TASK BRIEF:
Filter these entries down to the lines that hold the word "movement", and show each of them.

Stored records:

***

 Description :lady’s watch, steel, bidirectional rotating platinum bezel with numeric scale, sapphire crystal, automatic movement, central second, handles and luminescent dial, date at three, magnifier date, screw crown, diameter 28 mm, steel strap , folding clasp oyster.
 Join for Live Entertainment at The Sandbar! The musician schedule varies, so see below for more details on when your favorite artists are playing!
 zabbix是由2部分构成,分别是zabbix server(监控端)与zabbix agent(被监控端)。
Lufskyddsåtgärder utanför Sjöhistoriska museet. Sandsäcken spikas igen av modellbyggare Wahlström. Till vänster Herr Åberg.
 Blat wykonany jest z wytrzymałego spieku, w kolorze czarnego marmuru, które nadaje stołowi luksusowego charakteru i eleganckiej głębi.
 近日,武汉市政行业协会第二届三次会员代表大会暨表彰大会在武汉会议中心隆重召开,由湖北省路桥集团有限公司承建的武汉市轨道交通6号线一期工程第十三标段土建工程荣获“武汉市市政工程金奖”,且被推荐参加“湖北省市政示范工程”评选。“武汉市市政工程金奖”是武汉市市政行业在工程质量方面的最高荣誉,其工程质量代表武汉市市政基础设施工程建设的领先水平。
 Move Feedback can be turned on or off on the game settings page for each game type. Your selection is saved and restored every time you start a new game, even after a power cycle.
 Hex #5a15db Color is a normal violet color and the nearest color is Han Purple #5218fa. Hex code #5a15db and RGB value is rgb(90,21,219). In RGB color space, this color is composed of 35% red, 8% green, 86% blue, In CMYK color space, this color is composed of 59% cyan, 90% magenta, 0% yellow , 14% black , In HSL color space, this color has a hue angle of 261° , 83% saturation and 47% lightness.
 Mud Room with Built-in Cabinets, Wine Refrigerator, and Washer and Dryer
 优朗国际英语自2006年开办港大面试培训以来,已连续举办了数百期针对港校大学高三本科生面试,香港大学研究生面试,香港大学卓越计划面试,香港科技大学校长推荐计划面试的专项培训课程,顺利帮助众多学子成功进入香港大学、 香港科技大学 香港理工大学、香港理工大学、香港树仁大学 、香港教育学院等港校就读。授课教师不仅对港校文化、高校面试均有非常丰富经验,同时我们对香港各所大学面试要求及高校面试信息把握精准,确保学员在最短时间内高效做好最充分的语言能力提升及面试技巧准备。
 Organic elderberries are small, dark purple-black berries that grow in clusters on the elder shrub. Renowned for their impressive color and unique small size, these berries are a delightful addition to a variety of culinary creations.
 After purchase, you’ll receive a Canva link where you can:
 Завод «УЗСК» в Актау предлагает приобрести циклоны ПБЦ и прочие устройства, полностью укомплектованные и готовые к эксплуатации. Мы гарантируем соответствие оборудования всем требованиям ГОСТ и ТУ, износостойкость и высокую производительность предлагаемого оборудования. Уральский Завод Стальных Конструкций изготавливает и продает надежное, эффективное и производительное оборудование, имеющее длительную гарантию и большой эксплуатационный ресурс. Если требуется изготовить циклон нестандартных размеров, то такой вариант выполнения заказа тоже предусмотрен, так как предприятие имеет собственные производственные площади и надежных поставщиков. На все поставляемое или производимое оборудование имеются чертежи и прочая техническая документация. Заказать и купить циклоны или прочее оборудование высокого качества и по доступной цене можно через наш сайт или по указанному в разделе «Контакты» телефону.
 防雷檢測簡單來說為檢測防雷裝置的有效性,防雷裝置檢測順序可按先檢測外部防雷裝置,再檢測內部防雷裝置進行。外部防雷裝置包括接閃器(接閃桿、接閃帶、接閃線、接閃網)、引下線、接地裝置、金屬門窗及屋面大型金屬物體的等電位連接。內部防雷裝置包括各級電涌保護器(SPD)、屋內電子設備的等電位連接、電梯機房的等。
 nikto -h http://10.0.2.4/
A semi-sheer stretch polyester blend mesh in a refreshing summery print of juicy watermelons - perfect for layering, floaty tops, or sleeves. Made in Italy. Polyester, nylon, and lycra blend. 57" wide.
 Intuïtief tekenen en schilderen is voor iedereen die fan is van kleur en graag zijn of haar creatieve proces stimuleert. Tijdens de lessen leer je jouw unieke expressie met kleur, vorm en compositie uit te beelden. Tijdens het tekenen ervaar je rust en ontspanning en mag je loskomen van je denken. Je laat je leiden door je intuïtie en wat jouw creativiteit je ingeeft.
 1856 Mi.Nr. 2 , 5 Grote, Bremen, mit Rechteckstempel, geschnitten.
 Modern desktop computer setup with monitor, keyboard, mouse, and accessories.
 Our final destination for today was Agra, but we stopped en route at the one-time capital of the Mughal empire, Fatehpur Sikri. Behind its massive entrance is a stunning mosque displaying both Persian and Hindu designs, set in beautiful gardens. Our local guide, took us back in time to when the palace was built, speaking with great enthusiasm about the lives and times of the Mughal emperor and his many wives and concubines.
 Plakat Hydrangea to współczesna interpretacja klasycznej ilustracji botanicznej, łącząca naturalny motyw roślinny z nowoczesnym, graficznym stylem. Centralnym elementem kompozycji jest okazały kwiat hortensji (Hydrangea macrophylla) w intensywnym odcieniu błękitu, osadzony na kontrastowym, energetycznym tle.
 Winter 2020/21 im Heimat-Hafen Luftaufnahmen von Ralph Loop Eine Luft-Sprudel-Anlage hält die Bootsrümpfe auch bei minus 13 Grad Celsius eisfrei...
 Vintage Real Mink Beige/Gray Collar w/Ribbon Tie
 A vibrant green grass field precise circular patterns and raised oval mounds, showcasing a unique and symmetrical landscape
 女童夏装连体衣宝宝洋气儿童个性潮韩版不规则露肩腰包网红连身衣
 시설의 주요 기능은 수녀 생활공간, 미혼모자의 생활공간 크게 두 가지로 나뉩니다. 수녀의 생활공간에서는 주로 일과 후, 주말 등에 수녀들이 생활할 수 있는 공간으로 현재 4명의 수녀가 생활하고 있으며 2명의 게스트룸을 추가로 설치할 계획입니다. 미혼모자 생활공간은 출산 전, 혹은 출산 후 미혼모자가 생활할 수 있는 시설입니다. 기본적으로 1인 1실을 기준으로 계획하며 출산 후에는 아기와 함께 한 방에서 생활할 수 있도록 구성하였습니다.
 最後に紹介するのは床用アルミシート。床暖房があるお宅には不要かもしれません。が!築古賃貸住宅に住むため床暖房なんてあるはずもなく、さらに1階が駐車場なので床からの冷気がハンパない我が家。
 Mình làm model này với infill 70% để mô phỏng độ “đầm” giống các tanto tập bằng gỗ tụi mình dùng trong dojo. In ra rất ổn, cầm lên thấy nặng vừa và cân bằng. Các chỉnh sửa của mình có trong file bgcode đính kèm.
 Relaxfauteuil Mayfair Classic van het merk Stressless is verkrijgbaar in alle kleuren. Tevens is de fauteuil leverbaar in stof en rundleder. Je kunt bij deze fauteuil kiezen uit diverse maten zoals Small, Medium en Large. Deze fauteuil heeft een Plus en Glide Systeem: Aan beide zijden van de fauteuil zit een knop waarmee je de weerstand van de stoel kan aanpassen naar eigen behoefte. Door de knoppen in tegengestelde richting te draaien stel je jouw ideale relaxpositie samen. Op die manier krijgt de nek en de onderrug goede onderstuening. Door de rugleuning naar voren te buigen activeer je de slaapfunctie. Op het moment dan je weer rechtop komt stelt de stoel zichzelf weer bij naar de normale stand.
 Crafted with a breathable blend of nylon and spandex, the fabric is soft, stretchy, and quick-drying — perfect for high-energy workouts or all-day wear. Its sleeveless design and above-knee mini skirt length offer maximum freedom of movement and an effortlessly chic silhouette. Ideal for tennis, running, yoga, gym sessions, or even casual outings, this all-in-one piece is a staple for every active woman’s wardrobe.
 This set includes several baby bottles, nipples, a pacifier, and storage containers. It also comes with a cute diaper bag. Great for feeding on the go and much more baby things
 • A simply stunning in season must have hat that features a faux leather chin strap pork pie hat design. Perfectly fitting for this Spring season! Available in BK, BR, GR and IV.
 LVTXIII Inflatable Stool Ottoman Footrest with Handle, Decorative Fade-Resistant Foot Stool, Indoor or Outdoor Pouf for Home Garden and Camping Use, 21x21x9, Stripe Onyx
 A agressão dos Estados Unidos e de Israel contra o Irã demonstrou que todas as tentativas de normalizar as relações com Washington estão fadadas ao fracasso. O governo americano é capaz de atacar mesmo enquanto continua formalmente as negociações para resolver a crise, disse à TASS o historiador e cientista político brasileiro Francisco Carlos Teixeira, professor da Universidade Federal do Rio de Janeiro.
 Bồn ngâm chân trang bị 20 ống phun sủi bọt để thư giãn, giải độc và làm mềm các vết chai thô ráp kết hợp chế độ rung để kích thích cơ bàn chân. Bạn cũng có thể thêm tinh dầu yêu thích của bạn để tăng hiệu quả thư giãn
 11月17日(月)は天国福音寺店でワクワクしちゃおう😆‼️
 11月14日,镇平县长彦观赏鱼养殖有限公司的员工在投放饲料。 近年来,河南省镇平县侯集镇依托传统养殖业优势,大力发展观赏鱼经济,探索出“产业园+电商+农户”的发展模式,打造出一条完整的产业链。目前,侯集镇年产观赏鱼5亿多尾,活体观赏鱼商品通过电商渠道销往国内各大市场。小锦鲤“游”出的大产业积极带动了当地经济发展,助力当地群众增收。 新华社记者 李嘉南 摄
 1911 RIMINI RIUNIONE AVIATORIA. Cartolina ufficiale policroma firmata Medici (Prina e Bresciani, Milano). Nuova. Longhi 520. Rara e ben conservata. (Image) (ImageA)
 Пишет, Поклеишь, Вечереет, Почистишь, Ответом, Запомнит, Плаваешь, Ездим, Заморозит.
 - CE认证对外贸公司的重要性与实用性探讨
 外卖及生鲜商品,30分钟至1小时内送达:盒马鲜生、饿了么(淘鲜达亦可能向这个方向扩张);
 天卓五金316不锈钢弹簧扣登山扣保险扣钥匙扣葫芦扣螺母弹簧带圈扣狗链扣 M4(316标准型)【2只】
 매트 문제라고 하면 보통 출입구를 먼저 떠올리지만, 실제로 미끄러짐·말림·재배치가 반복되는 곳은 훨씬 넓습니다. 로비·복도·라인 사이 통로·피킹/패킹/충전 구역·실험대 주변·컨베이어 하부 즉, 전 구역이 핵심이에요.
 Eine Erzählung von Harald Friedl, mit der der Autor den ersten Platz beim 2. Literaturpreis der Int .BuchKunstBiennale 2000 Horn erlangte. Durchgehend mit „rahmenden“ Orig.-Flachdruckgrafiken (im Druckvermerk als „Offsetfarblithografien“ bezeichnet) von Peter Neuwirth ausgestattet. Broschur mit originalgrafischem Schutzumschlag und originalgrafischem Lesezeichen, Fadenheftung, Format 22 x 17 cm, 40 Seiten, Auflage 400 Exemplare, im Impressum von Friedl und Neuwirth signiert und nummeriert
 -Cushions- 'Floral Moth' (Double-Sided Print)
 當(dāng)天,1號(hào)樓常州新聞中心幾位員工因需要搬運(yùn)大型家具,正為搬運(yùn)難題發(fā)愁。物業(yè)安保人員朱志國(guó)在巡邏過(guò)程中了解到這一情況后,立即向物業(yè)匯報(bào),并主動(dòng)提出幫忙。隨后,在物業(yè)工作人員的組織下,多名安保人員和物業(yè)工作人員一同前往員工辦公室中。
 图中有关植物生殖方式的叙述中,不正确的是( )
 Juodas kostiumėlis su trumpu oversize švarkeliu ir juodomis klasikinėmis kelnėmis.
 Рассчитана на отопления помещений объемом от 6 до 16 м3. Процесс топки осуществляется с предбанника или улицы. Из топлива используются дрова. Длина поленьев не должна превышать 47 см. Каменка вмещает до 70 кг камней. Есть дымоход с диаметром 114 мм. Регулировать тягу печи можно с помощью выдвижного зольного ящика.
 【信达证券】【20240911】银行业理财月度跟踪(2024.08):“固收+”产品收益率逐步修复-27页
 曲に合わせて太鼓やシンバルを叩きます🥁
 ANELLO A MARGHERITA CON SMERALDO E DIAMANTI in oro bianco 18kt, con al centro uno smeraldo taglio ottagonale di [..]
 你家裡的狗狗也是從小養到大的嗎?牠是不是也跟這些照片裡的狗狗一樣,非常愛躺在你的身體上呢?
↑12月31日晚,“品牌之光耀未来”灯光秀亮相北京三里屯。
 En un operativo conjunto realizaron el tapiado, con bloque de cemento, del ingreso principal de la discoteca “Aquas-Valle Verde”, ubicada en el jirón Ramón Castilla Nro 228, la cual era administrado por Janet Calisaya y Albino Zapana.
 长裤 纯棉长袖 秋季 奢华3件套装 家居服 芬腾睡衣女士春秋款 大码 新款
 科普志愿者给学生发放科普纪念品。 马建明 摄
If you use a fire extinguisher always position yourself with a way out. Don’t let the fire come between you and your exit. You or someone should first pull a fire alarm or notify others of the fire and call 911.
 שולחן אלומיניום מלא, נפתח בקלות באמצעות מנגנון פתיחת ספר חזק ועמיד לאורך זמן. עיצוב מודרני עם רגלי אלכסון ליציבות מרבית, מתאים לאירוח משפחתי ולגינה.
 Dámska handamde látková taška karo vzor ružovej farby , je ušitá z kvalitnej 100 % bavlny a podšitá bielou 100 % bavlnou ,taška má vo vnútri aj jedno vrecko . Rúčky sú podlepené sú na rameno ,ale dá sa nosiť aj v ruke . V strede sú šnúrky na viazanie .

***

TASK OUTPUT:
 Description :lady’s watch, steel, bidirectional rotating platinum bezel with numeric scale, sapphire crystal, automatic movement, central second, handles and luminescent dial, date at three, magnifier date, screw crown, diameter 28 mm, steel strap , folding clasp oyster.
 Crafted with a breathable blend of nylon and spandex, the fabric is soft, stretchy, and quick-drying — perfect for high-energy workouts or all-day wear. Its sleeveless design and above-knee mini skirt length offer maximum freedom of movement and an effortlessly chic silhouette. Ideal for tennis, running, yoga, gym sessions, or even casual outings, this all-in-one piece is a staple for every active woman’s wardrobe.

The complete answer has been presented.